### The data

++++++

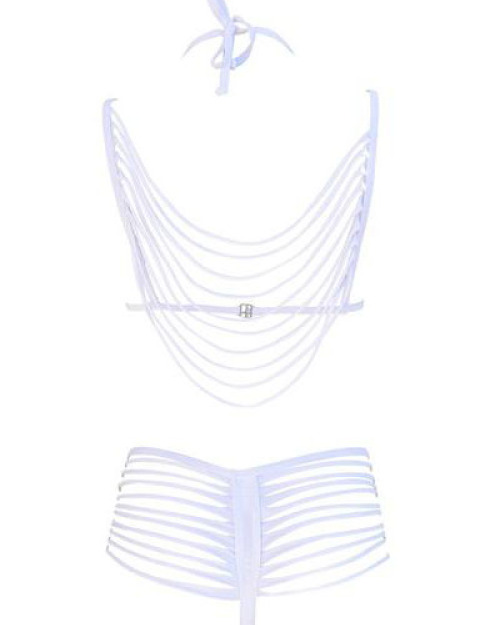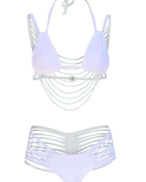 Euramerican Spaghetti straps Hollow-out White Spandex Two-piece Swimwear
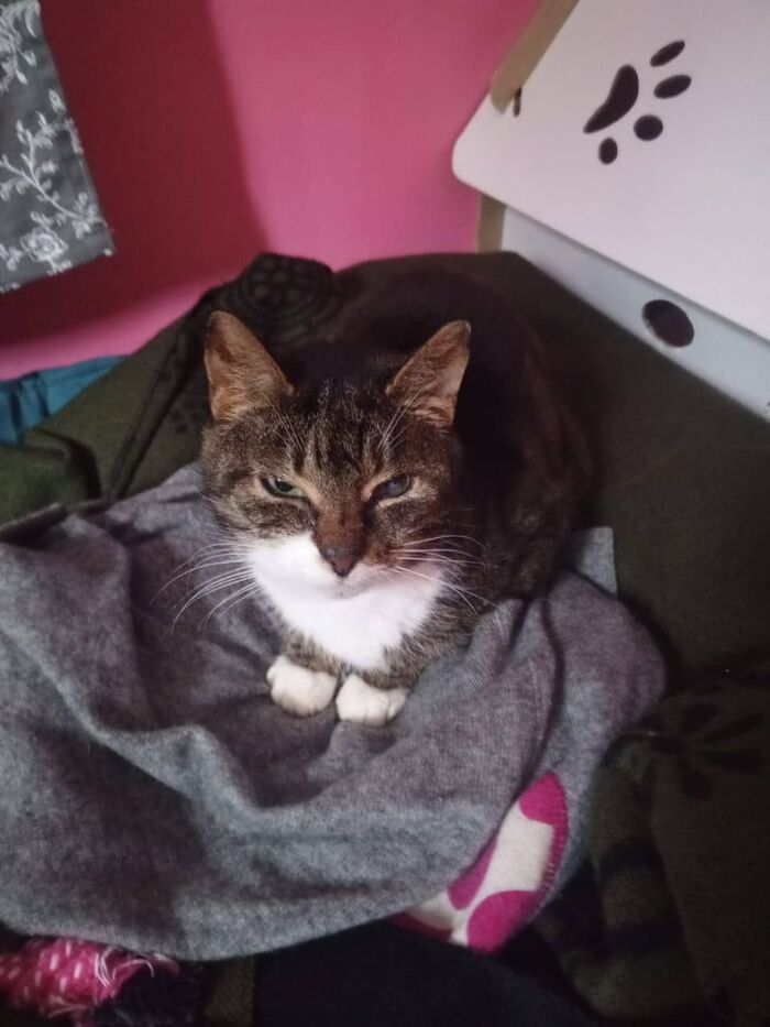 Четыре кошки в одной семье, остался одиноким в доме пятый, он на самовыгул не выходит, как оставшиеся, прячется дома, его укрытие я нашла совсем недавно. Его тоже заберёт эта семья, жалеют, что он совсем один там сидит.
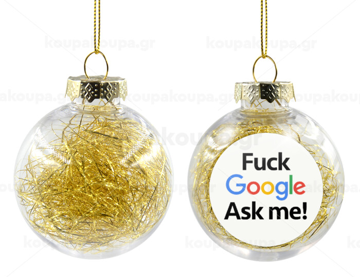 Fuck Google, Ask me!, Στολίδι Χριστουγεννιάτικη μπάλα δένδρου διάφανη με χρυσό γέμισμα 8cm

++++++

### Problem details
Here the job is to print all the data exactly, skipping any image.

### Response box
 Euramerican Spaghetti straps Hollow-out White Spandex Two-piece Swimwear
 Четыре кошки в одной семье, остался одиноким в доме пятый, он на самовыгул не выходит, как оставшиеся, прячется дома, его укрытие я нашла совсем недавно. Его тоже заберёт эта семья, жалеют, что он совсем один там сидит.
 Fuck Google, Ask me!, Στολίδι Χριστουγεννιάτικη μπάλα δένδρου διάφανη με χρυσό γέμισμα 8cm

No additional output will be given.